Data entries

┏━━

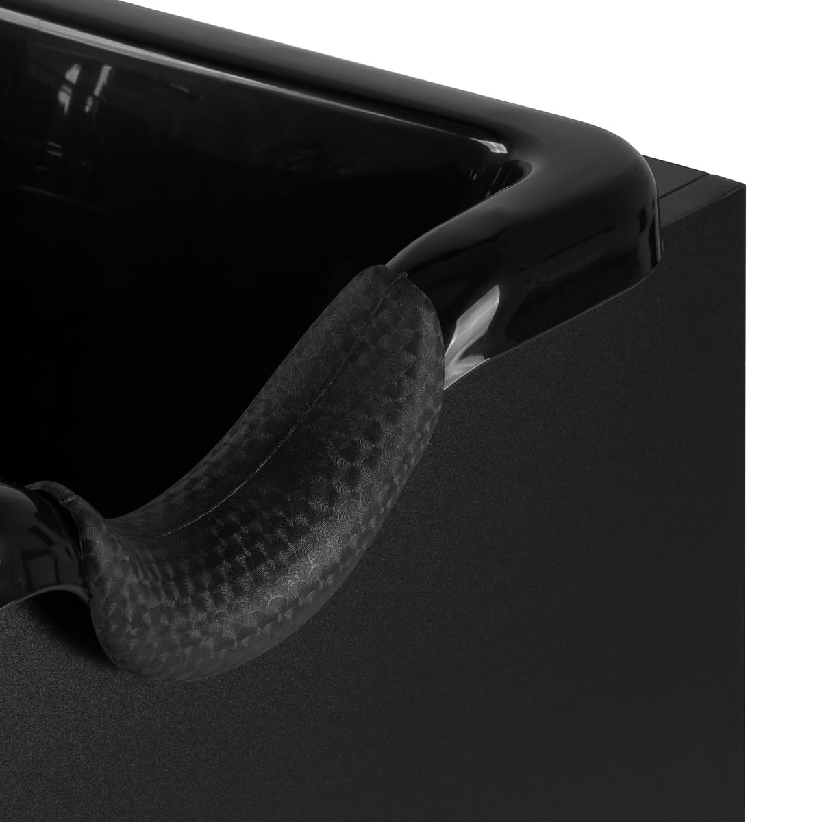 Głęboka misa w kolorze czerni została wykonana z wytrzymałego tworzywa sztucznego, co zapewnia jej odporność na uszkodzenia i łatwość utrzymania w czystości. Jej przemyślana konstrukcja skutecznie ogranicza rozchlapywanie wody i preparatów podczas mycia. Ergonomiczny kształt i wyprofilowany kołnierz z silikonową nakładką zapewniają klientowi wygodne ułożenie głowy. Praktyczne miejsce na słuchawkę natryskową sprzyja lepszej organizacji stanowiska, a korek z sitkiem ułatwia kontrolę przepływu wody i utrzymanie czystości oraz higieny.
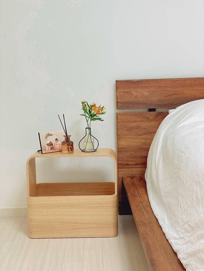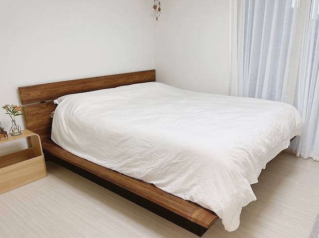 라지 킹사이즈의 큰 사이즈 침대가 꽉 들어차는 크지 않은 사이즈의 침실이지만, 불필요한 것들이 있는 것을 좋아하지 않는 덕분에 꼭 필요한 것들로만 채워서 나름 넓게 사용하고 있습니다.
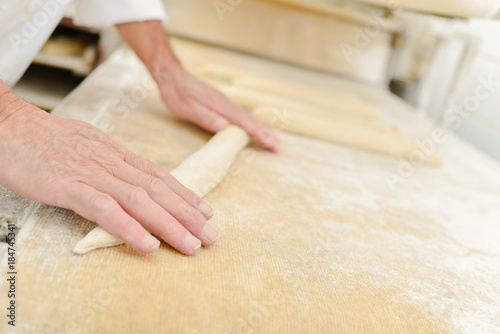 Rolling dough for baguettes
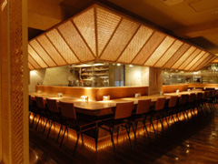 ソムリエが厳選したワインや地酒、焼酎。オープンキッチンを囲んだにぎわいのカウンター席やお2人連れに最適の眺めの良いカウンター席、やわらかな竹のスクリーンに囲まれた落ち着いた個室、等いろいろ使い分けが可能です。
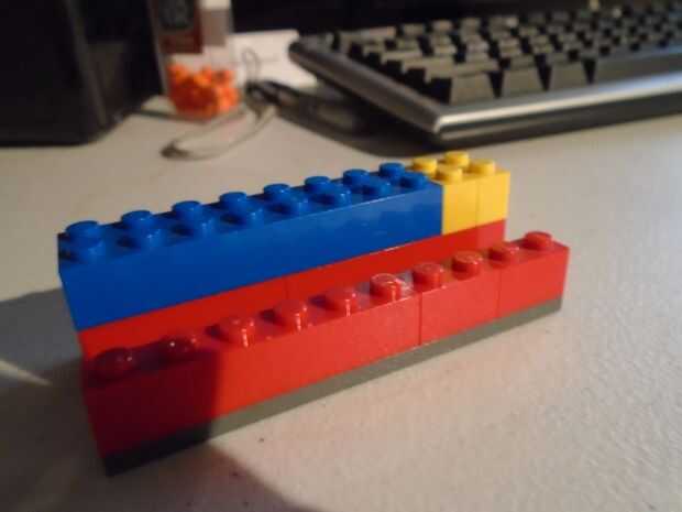 Utilizar el 8 x 2 (el ladrillo azul) y los otros 2 2 x 1 (amarillo) en el otro extremo de la pieza coloca sólo
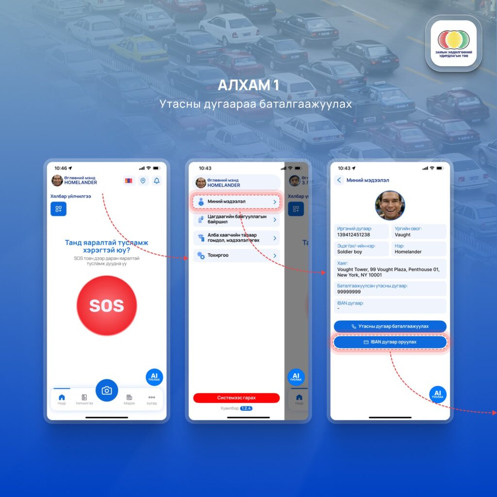 - Алхам 1: “102 Police” аппликэйшнд нэвтэрч “Миний мэдээлэл” хэсэгт утасны дугаараа баталгаажуулж, IBAN дугаараа оруулна.
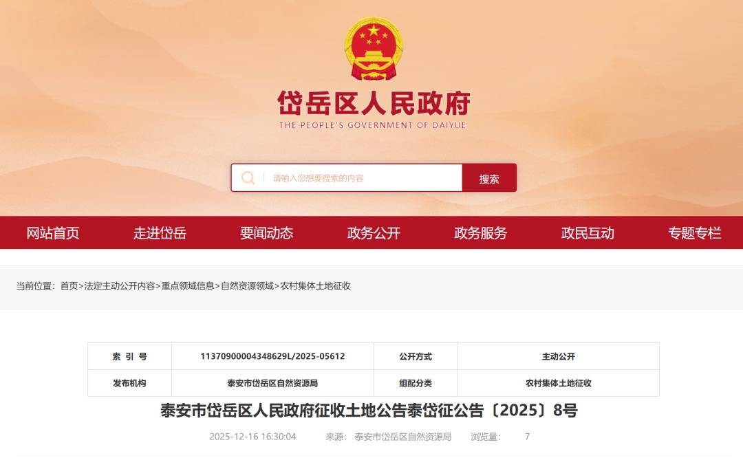 12月16日,岱岳区东谈主民政府网站发布泰安市岱岳区东谈主民政府征收地盘公告泰岱征公告〔2025〕8号,细目如下:
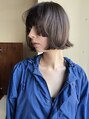 切りっぱなしボブに、顔まわりにステップを入れたスタイル。ステップの長さは骨格に合わせ絶妙に調整し小顔になるようデザインしています。28ミリのコテでニュアンスパーマのようにスタイリングしました。くすみブラウンで髪の毛が柔らかくみえる色に*
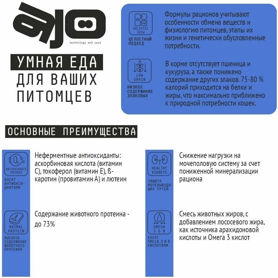 Корм для кошек сухой AJO / Айо Cat Sterile для взрослых стерилизованных животных, гранулы 400г / кошачья еда для ежедневного кормления
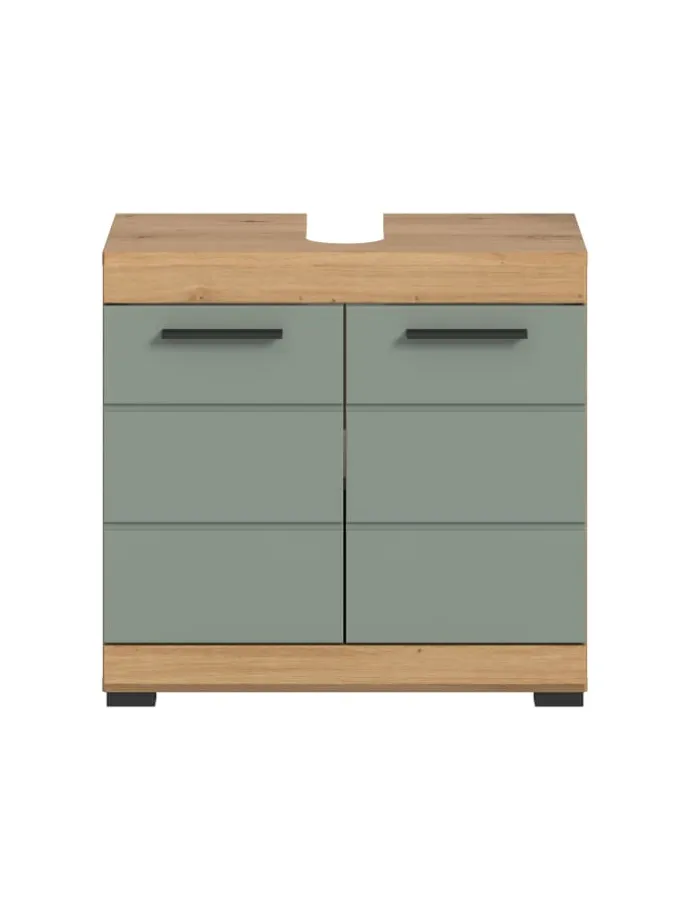 In unserem modernen Sortiment präsentieren wir einen Badezimmer Waschbeckenunterschrank in angesagter Salbei Nachbildung und Artisan Eiche Finish, der deinem Badezimmer einen modernen Look verleiht. Mit kompakten Maßen von 60x56x34 cm bietet er nicht nur praktischen Stauraum, sondern auch ein stilvolles Design. Entdecke die perfekte Kombination aus Funktionalität und trendigem Chic mit diesem angesagten Waschbeckenunterschrank.
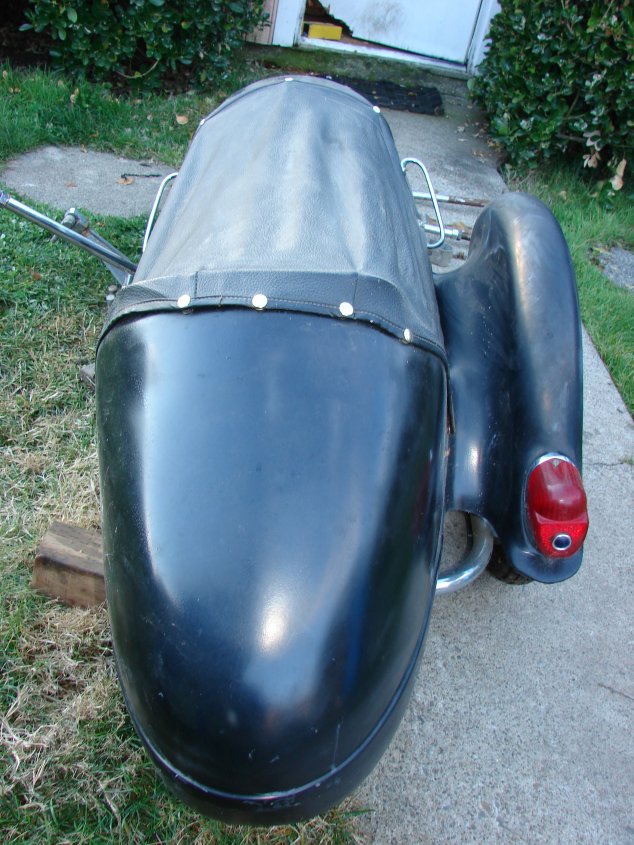 MOLDED FENDER, BRIT TAILLIGHT, I'D SAY SPIRIT OF AMERICA. COULD BE EARLY (VERY) CALIFORNIA. THE MOLDS MADE THEIR WAY AROUND TO SEVERAL COMPANIES AND VARIOUS NAMES BUT I'VE FOUND THAT MOST OF THE MOLDED FENDER BODIES WERE SPIRITS. A NICE, LIGHT, $500.00 (IF COMPLETE) SIDECAR. QUOTE]

┗━━

Look above for the line containing "Rolling dough for baguettes", then write out every line from there down to the line containing "Корм для кошек", that line included, with no pictures.

Output below:
 Rolling dough for baguettes
 ソムリエが厳選したワインや地酒、焼酎。オープンキッチンを囲んだにぎわいのカウンター席やお2人連れに最適の眺めの良いカウンター席、やわらかな竹のスクリーンに囲まれた落ち着いた個室、等いろいろ使い分けが可能です。
 Utilizar el 8 x 2 (el ladrillo azul) y los otros 2 2 x 1 (amarillo) en el otro extremo de la pieza coloca sólo
 - Алхам 1: “102 Police” аппликэйшнд нэвтэрч “Миний мэдээлэл” хэсэгт утасны дугаараа баталгаажуулж, IBAN дугаараа оруулна.
 12月16日,岱岳区东谈主民政府网站发布泰安市岱岳区东谈主民政府征收地盘公告泰岱征公告〔2025〕8号,细目如下:
 切りっぱなしボブに、顔まわりにステップを入れたスタイル。ステップの長さは骨格に合わせ絶妙に調整し小顔になるようデザインしています。28ミリのコテでニュアンスパーマのようにスタイリングしました。くすみブラウンで髪の毛が柔らかくみえる色に*
 Корм для кошек сухой AJO / Айо Cat Sterile для взрослых стерилизованных животных, гранулы 400г / кошачья еда для ежедневного кормления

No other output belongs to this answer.